Selecting the right (measurement) tool for the job

“New study reveals the average height of Australian adults is 100 cm…


…when measured with a metre stick.”


While the flaw in this fictitious study is easy to address, selecting an appropriate measurement tool to capture something as complex as motor impairment is not so easy. Many health conditions can lead to motor impairment (Australia Bureau of Statistics, 2013; Centers for Disease Control and Prevention, 2014), and clinicians and researchers often seek to measure different aspects of human health that contribute to or are affected by these deficits (Baker et al, 2011). For example:

  • How weak are this person’s leg muscles?
  • How does this weakness compare to a healthy individual of the same age?
  • Does this weakness impact the person’s ability to safely go up and down a flight of stairs?
  • Did the 6-week strength training program reduce the person’s level of dependence on family members for daily self-care?

There are many things we may want to know about a person’s level of motor impairment, and there are often numerous measurement tools that can be used to capture each aspects. This begs the question, what should we measure and with what tool? This question is not trivial as these data may ultimately influence patient care, intervention and service prescription (Hobart, 2003). More broadly, policy makers and research funding agencies increasingly require the use of scientifically sound measures that capture all relevant aspects of an individuals health status (Hobart et al., 2007).

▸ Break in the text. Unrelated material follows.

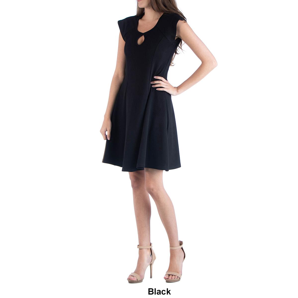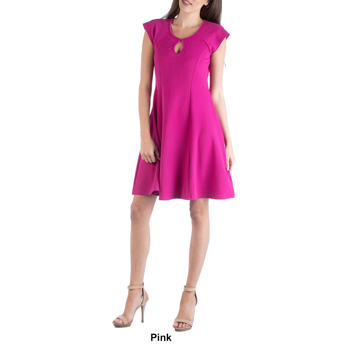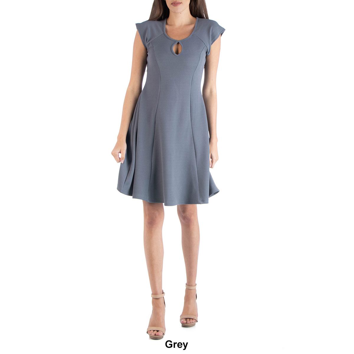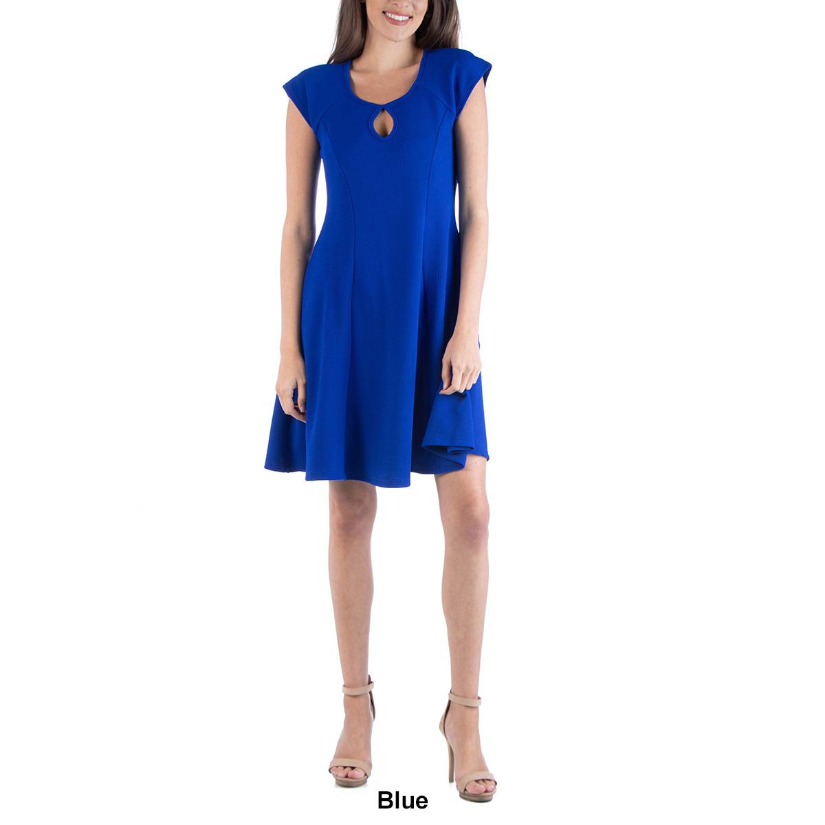 Description This Womens 24/7 Comfort Apparel fit & flare dress features capped sleeves, a scoop neckline, soft flare hemline, and cute keyhole neckline detail. It provides a...

Recently, Dr. Kathleen Norman (Queen’s University, Kingston, Canada) and I prepared a brief overview of factors that need to be considered when selecting a measure to assess fine motor skills in individuals with tremor disorders (Norman & Héroux, 2013). Some measurement tools focus on specific disease or impairment features – e.g., motor skills or dexterity, slowness in movement execution associated with parkinsonian bradykinesia, or magnitude of tremor – that may or may not be relevant to the end user. Less obviously, some tools may be better suited than others for specific goals such as detecting subtle dysfunction early in disease, revealing aspects of brain function affected by disease, or tracking changes expected from treatment or disease progression. Based on our appraisal, no single measure of fine motor dexterity possesses all the attributes (e.g., validity, responsiveness, interpretability, scope of hand function) that would make it optimal across a wide range of research and clinical situations and tremor disorders. Each tool had advantages and disadvantages, and ultimately a choice must be made based on a well defined measurement purpose and a clear understanding of each measure’s strengths and weaknesses.

Video of study participant doing line-tracing component of the Fahn-Tolosa-Marìn Tremor Rating Scale.



While our example focused on fine motor skills and movement disorders, a similar exercise could be carried out for almost any aspect of motor impairment. This is true for ‘basic science’ questions such as changes in spinal reflex excitability as well as more ‘global health’ questions such as a person’s level of perceived functional limitation. Poorly chosen measures can lead to data that are difficult or impossible to interpret. Worse yet, such measures may fail to capture meaningful changes in a person’s health status.

The selection of appropriate measurement tools is important to both clinicians and researchers, and resources are available to guide us through this decision process. It is definitely unwise to rush this process, if you do you may select the wrong tool for the job…like a metre stick!



Norman KE, Héroux ME (2013). Measures of fine motor skills in people with tremor disorders: appraisal and interpretation. Front Neurol 10,4:50.


Australia Bureau of Statistics (2013, November 13). Disability, Ageing and Carers, Australia: Summary of Findings, 2012. Retrieved from

Baker K, Cano SJ, Playford ED (2011). Outcome measurement in stroke: a scale selection strategy. Stroke 42,1787-94.

Centers for Disease Control and Prevention (2014, May 14). Fast Stats. Retrieved from

Hobart J (2003). Rating scales for neurologists. J Neurol Neurosurg Psychiatry 74, Suppl 4:iv22-iv26.

Hobart JC, Cano SJ, Zajicek JP, Thompson AJ (2007). Rating scales as outcome measures for clinical trials in neurology: problems, solutions, and recommendations. Lancet Neurol 6,1094-105.